The patent office ought to have a list of licensed attorneys - note that the patent office requires a specific license, not just a general state license. 

The attorney can do the search, and he can help with the language of the application. Strictly speaking, you don't need him to file an application. I'd stay the hell away from any 'help the inventor' operation. What you want to be clear on is the difference between a 'basic' patent, and a 'design' patent.

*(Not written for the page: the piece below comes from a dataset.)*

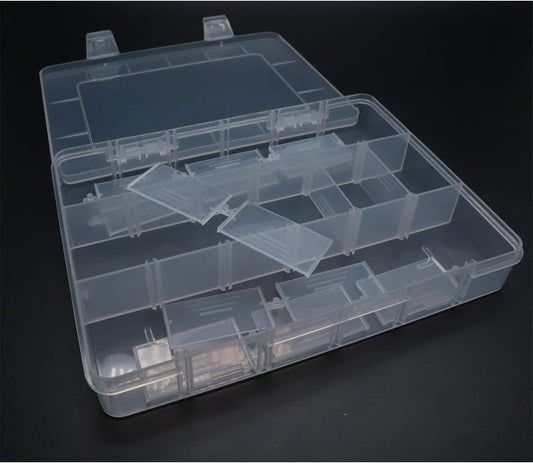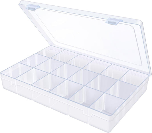 Xiaoyztan Clear Plastic Organizer, 15 Small Grids with Adjustable Dividers, Jewelry Box Bead Storage Container for Small Parts, Fishing Tackle, DIY Crafts, and Earrings, 2Pcs

Your application needs to identify exactly what makes your idea unique. In your example, it is that the hanging rod is attached only on one end, and swivels to ease the removal of the brushes.

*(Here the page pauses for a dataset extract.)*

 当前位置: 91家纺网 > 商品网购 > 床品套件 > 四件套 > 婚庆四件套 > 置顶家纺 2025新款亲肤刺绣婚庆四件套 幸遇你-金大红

Suggestion: relocate the mounting to the handle side, and you can use the container as a pitcher to empty. Keep the rod removable, and you can use it as a cut-in pail, too.

Getting a patent is only half the game. Bringing the product to market and protecting your claim are the next steps.

This is where the patent attorney earns his pay. He is able to help you approach manufacturers. Your biggest problems here are dishonest vendors (Sears comes to mind), and inventors who greatly over-value their invention. Remember: the manufacturer is also taking a risk.

The moment the idea has the least bit of success, the copycats will sprout like mushrooms after a rain. Again, your attorney earns his pay here.

Visit a law library and read "Intellectual Property Law," published by IICLE.


----------



## Workaholic (Apr 17, 2007)

Amish Elecvtrician said:


> I've reconsidered my reply.
> 
> IMO, you have an idea you can patent. I'd look into it. I wouldn't spend a whole lot on a search to see if the idea has been already patented.


They already exist. Mostly used across the pond but I am sure there are in use here as well. 
Generic name is brush keepers and they are made by various manufacturers and are made of both plastic types and metal.


----------



## TJ Paint (Jun 18, 2009)

Workaholic said:


> They already exist. Mostly used across the pond but I am sure there are in use here as well.
> Generic name is brush keepers and they are made by various manufacturers and are made of both plastic types and metal.


Buzzkill


----------



## Workaholic (Apr 17, 2007)

TJ Paint said:


> Buzzkill


Realist. 

Plus the OP was showing how to make one much cheaper than the ones ready to purchase.


----------



## ColorQuest (Mar 19, 2012)

Workaholic said:


> Realist.
> 
> Plus the OP was showing how to make one much cheaper than the ones ready to purchase.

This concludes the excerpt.